Mr Woods said the hotel union had sought to facilitate talks between Club Med and the Government to see if the latter could provide support that would encourage a more rapid re-opening, and the resort chain had indicated the two sides met, but the severance payout suggested they were "not fruitful".
Mr Pinder, meanwhile, acknowledged concerns that Club Med's closure will take San Salvador's economy with it. "They did mention they were going to be severing the staff, and we were advised they were closing down until 2022," he told Tribune Business.
"That is certainly a concern as they were the major employer on San Salvador. They did not give any time as to when they will re-open. They just said they will probably be closed all this year and will re-open in 2022. They're just waiting to see how this whole pandemic pans out, and it is a concern with the number of persons on San Salvador needing to find employment."
While public works projects may provide some jobs, Mr Pinder hinted that alternative employment prospects were not promising "unless they're prepared to tap into fishing or farming". He added: "They may have to go somewhere else to find employment and find themselves in New Providence or the other islands. Displaced people again."

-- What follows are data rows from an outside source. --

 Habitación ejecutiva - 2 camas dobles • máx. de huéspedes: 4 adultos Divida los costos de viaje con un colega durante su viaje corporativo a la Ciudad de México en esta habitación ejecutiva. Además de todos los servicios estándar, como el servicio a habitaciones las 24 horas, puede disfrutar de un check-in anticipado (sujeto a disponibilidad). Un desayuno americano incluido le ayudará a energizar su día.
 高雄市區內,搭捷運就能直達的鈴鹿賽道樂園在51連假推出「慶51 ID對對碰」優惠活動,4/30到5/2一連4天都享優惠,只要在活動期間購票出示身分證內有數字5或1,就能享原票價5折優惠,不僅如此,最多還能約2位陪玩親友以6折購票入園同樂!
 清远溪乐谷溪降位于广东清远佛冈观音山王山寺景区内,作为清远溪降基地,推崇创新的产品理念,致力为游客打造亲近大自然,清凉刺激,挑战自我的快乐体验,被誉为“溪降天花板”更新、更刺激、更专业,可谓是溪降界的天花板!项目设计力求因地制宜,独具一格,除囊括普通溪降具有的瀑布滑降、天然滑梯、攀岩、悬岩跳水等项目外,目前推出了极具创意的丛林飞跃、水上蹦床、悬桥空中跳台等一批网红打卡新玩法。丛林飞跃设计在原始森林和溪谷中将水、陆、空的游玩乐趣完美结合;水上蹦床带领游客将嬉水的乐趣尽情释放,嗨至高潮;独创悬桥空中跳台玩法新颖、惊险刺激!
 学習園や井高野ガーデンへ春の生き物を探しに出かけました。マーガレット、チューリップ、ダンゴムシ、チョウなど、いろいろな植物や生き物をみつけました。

Dionisio D'Aguilar, minister of tourism and aviation, last year admitted that the Government had a “difficult mountain to climb” to persuade Club Med to re-open before December 2021 due to San Salvador's limited airlift and healthcare capacity.
"It's devastating for the economy of San Salvador for it to be that long," Mr D'Aguilar said then. "December 2021 is, as you can imagine, an exceptionally long time. It's 15 months, and Club Med is the single largest employer on that island, the only major employer. It's naturally devastating for the residents of that island.

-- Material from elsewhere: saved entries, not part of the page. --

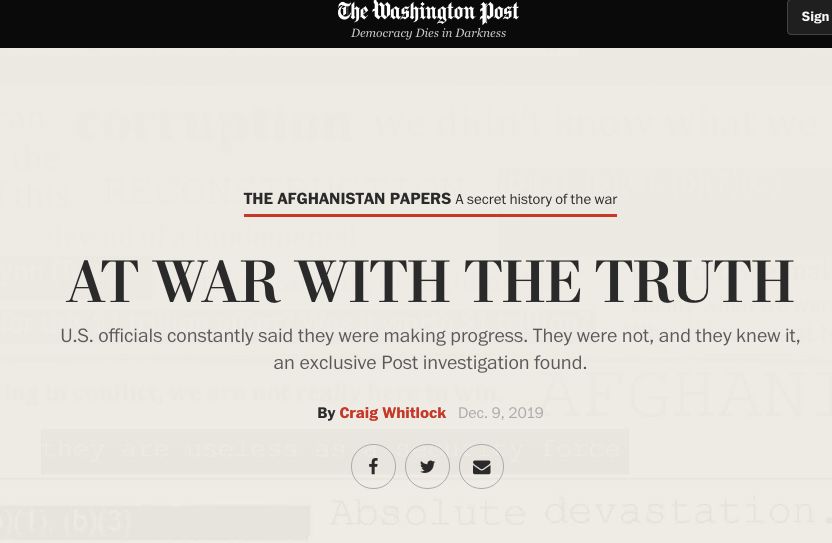 美國戰爭機密文件:2019年12月9日,《華盛頓郵報》發布題為“關于戰爭真相”的長篇報道,他們獲取了2000頁的政府機密文件,披露美國政府在阿富汗戰爭問題上長期誤導公眾,隱瞞戰爭已無法取勝的事實。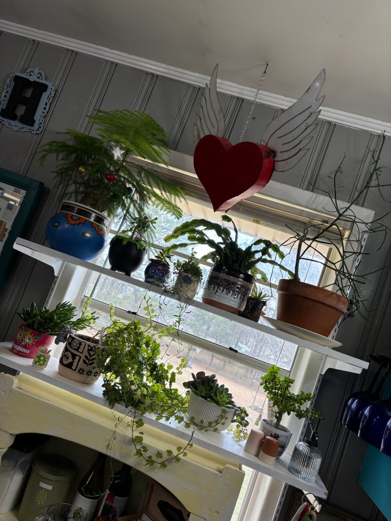 Today’s photo is my back kitchen window, with many plants I’ve accumulated over the years – from a tiny Christmas evergreen I bought years ago at the grocery store and repotted (she’s gotten so big), to the pencil cactus that our friend Bryan gave Pop many years ago and it now has come to me, to Warhol, a gift from my Ginny, to my most recent birthday gift from Bug, so many of them are dear to my heart. ♥️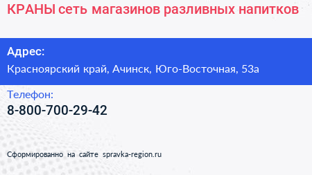 КРАНЫ, сеть магазинов разливных напитков по адресу Красноярский край, Ачинск, Юго-Восточная, 53а в дальнейшем Организация, размещена в следующих категориях:
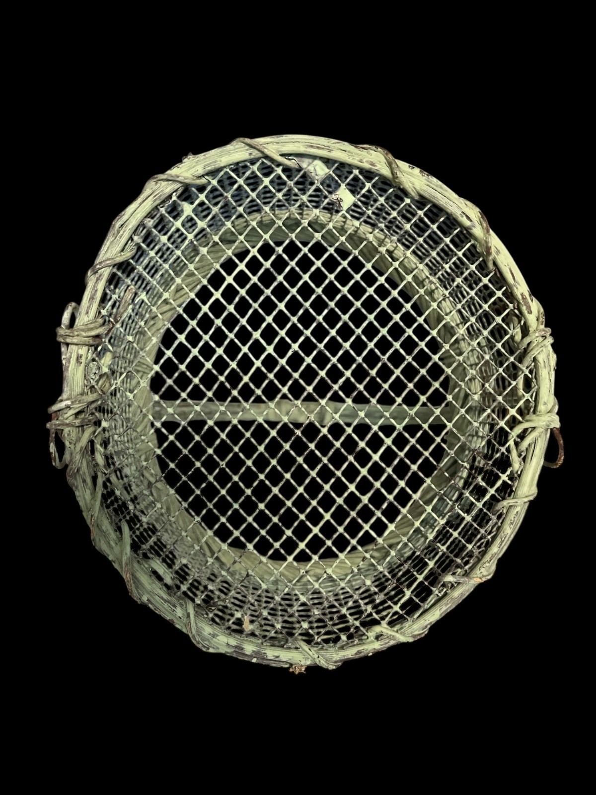 Vintage Wire and Wicker Basket with Handle – Rustic Farmhouse Decor – Round Mesh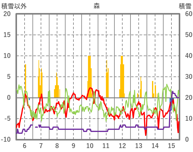 | 日 | 時 | 気温 | 降水 | 風向/風速 | 日照 | 積雪 | 降雪 |

"That's a very special situation given the fact the whole property's focus is on the European market. It's a bit different. Most of our Family Island properties are very American-centric, and it's so much easier and closer to come up with a 'Plan B'.
"If you're an American in the Out Islands it's much easier to get home if you fall sick even though it has to be by private plane. Most people if they're ill want to go back home, but if you're coming from France and Italy, which is the greatest source of visitors to Club Med, it's a long way away. You can't put them on a commercial plane, and you can't put them in our healthcare system as challenged as it is."
He confirmed that the main fears behind Club Med's decision were the inability of San Salvador's healthcare facilities to cope with a major COVID-19 outbreak, which was "compounded with the lack of international airlift" given that the resort operated just one flight per week in and out of the island from France.
"That was not considered sufficient," he added. "They're working their way through all the resorts in terms of what are the safest locations to open, given that there are not sufficient healthcare facilities on the island, given that there was no robust trans-Atlantic or international airlift, it reached that point where it ranked low in all their resorts in terms of opening.
"There wasn't much the Government of The Bahamas could have done in terms of removing those significant obstacles. They [Club Med] would wish for a scenario where COVID-19 is mitigated substantially, receded substantially or a vaccine is in place, would be my guess, before they go to a small remote location."